AIP Hands-on Answer Key
Tip: At any point in time, you can check out the ThaleMine userguide for more information (https://www.araport.org/thalemine/user-guide).
Collecting a List of sucrose transporters from a Search
You are interested in the SUC family of sucrose transporters in Arabidopsis, to find these genes in ThaleMine, enter SUC* into either search box (use the wildcard * since we know there is more than 1).
Look at the Hits by Category, How many genes have we found? How many SUC genes?
(Hint: They are all in the top 10)
Clicking on a gene will take you to the Gene Report Page. Try SUC7, how many transcripts does it have? How many exons in each transcript?
Where is SUC7 located in the cell? (Hint: Check GO terms under Function)
According to the eFP Visualization, where is it expressed?
Clicking on SUC7_ARATH in the Proteins stripe will take you to the SUC7 Protein Report Page. How many transmembrane domains are predicted?

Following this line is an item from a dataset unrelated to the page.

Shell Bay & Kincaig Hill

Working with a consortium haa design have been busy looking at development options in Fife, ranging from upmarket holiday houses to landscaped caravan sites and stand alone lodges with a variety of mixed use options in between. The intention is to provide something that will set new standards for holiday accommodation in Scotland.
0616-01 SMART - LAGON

Select all the SUC genes and create a list. This should take you to the List Analysis page for your new_Gene_list_1.
Take a look at the Report table. What are the 4 operations you can perform on the columns?
(Hint: Mouse over icons)
sort this column
remove this column
Toggle column visibility
Explore the List Analysis page. What are some GO Terms enriched in this list?

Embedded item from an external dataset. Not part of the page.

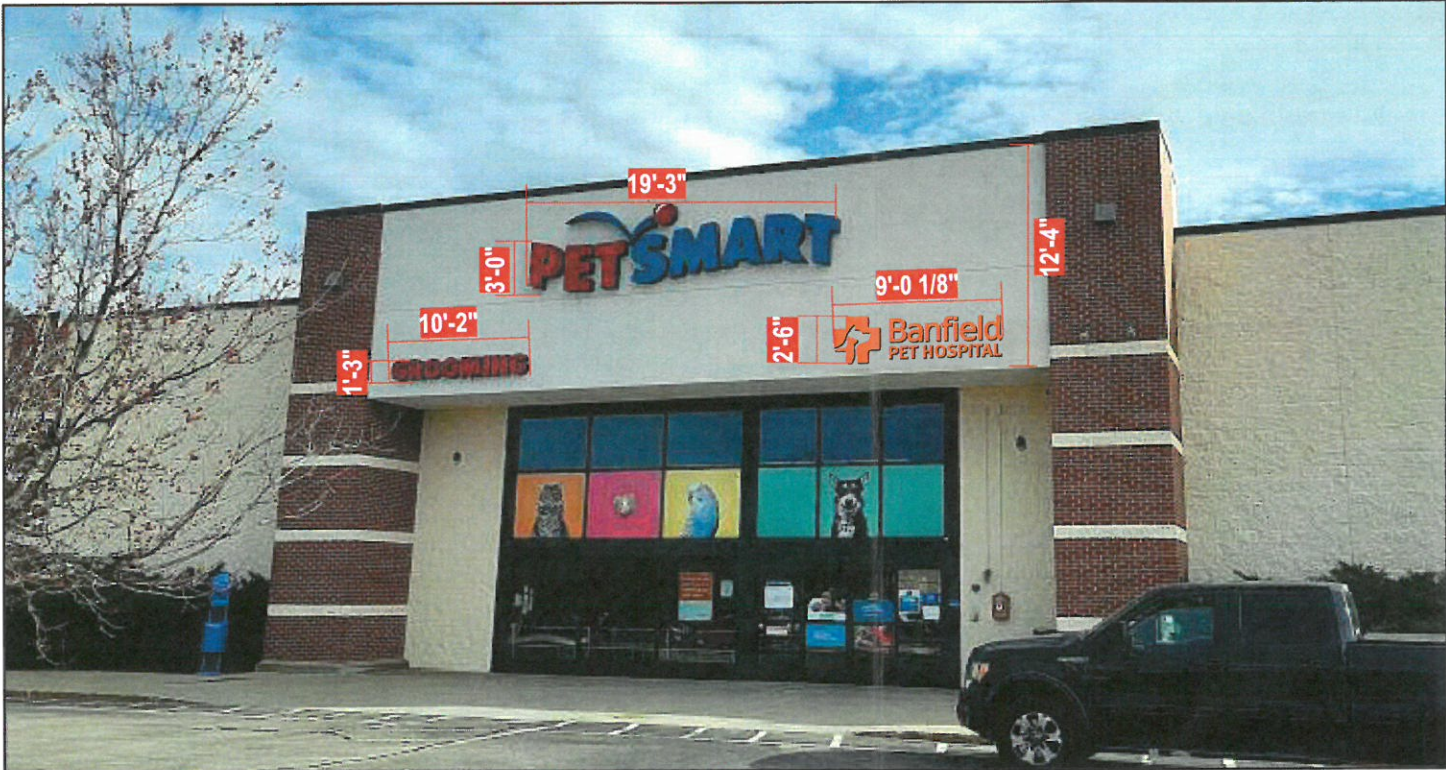
PROPOSED FRONT ELEVATION SCALE: 3/32"=1'-0"

Biologic process : sucrose metabolic process
Cellular component: integral to plasma membrane
Molecular function: sucrose transmembrane transporter activity
This list will be saved in your MyMine account. Give your list a Description and then verify that it has been saved by clicking the View button under the Lists tab at the top of your screen. You can also tag, rename, and share your lists from your MyMine tab. Rename your list “Sucrose Transporters” by clicking the Edit icon (this icon will be seen throughout ThaleMine).
Further research tells you there are 9 SUC genes. Do another search for SUC* to find the missing SUC genes.
(Hint: Look for the synonyms field on the Gene Report Pages for synonymous gene symbols.)
Add the missing genes to your list. (Hint: You can add genes to an existing list from the Gene Report Page or by creating a list and adding the contents of that list to an existing one.)
Find promoter cis-regulatory elements and confirm alternative splicing using JBrowse.
You want to know if any SUC genes are responsive to auxin signaling so you decide to search for Auxin Response Factor (ARF) binding sites (TGTCTC). You can collect this information from JBrowse.
First create a spreadsheet containing your list of genes. From the List Analysis page, download your list of 9 sucrose transporters into a spreadsheet with the following 4 columns:
DB Identifier | Chromosome . Primary Identifier | Chromosome Location . Start | Chromosome Location . End
(Hint: Format as Spreadsheet - comma separated values.)
Record in your spreadsheet which SUC genes have the motif TGTCTC in their promoter region using the JBrowse sequence search track (File -> Add sequence search track)
You may have noticed earlier that SUC3 (AT2G02860) has two transcripts. Staying in JBrowse, determine what the difference is between the two transcripts.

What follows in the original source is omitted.